La Fondation Biesther Asbl a commémoré le 25ème anniversaire de la Résolution 1325 du Conseil de sécurité des Nations Unies, qui souligne l’importance du rôle des femmes dans les processus de paix et de sécurité dans un Forum Provincial intergénérationnel sur le leadership féminin. Cet événement, qui s’est tenu en ville de Goma, a réuni des partenaires, des leaders communautaires et des représentants de la société civile, mettant en lumière les avancées et les défis liés au leadership féminin dans la région.
Dans son discours, Mignonne Zaina Chaupanga, Directrice Générale de la Fondation Biesther, a exprimé sa fierté et son honneur de célébrer cette étape cruciale.

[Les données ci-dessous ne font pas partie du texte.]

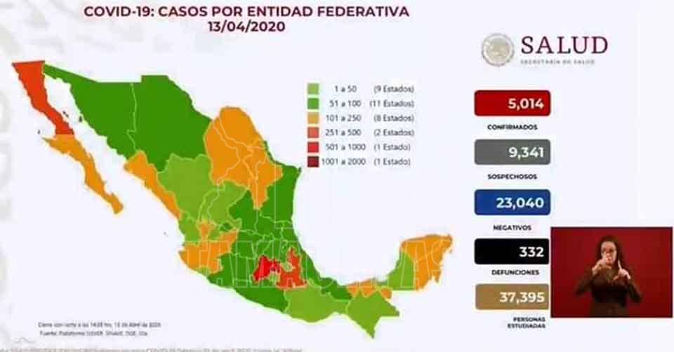 Ya hay 5,014 contagiados y 332 muertos por COVID-19 en México
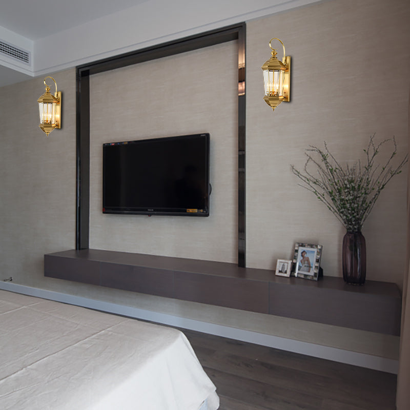 This lantern wall sconce light is made of metal with a gold finish. It has 1 light and a traditional colonial style. It is certified for indoor use only. The lantern is 23 inches high, 8.5 inches wide, and 9.5 inches deep. The light bulb is not included but it takes an E26/E27 bulb.

Elle a rappelé que la Résolution 1325 a marqué un tournant décisif en intégrant la perspective de genre dans les processus de résolution des conflits, affirmant que « la paix ne peut être complète sans la pleine participation des femmes ».
Le programme de la journée a débuté par un accueil chaleureux des participants, suivi d’une cérémonie d’ouverture avec des interventions de représentants de l’ONU Femmes et de Woman Power DRC. Un premier panel a exploré des thèmes tels que les spécificités et enjeux du leadership féminin, avec des témoignages inspirants de femmes ayant surmonté des défis considérables dans un contexte de fragilité.

Les discussions ont également mis en lumière l’impact de la Résolution 1325 25 ans après son adoption, avec des interventions sur le rôle des médias dans la promotion du leadership féminin et la vulgarisation de la résolution. Les participants ont eu l’occasion d’échanger sur les expériences locales et internationales, renforçant l’idée que les femmes doivent être au centre des efforts de paix et de sécurité.
Chaupanga a souligné la résilience et le courage des femmes congolaises qui, malgré les violences et les défis structurels, continuent de bâtir la paix et de défendre leurs droits. Elle a remercié les partenaires, dont la MONUSCO et l’UNFPA, pour leur soutien indéfectible dans la mise en œuvre des engagements liés à la Résolution 1325.

Cependant, la Directrice Générale a également mis en garde contre les défis persistants, notamment la violence basée sur le genre et l’exclusion des femmes des espaces de décision. Elle a appelé à un « sursaut collectif » pour renforcer les mécanismes de mise en œuvre et investir dans l’éducation et la sensibilisation.
La journée s’est conclue par la formulation de recommandations pour l’élaboration d’une feuille de route commune, afin d’assurer la localisation des agendas «Femmes, Paix et Sécurité» et «Jeunesse, Paix et Sécurité». Un appel à l’action a été lancé pour que toutes les parties prenantes collaborent dans la promotion d’une paix durable, équitable et inclusive.
L’événement a été un succès retentissant, illustrant l’engagement continu de la société civile à défendre les droits des femmes et à promouvoir leur leadership dans un contexte de paix et de sécurité.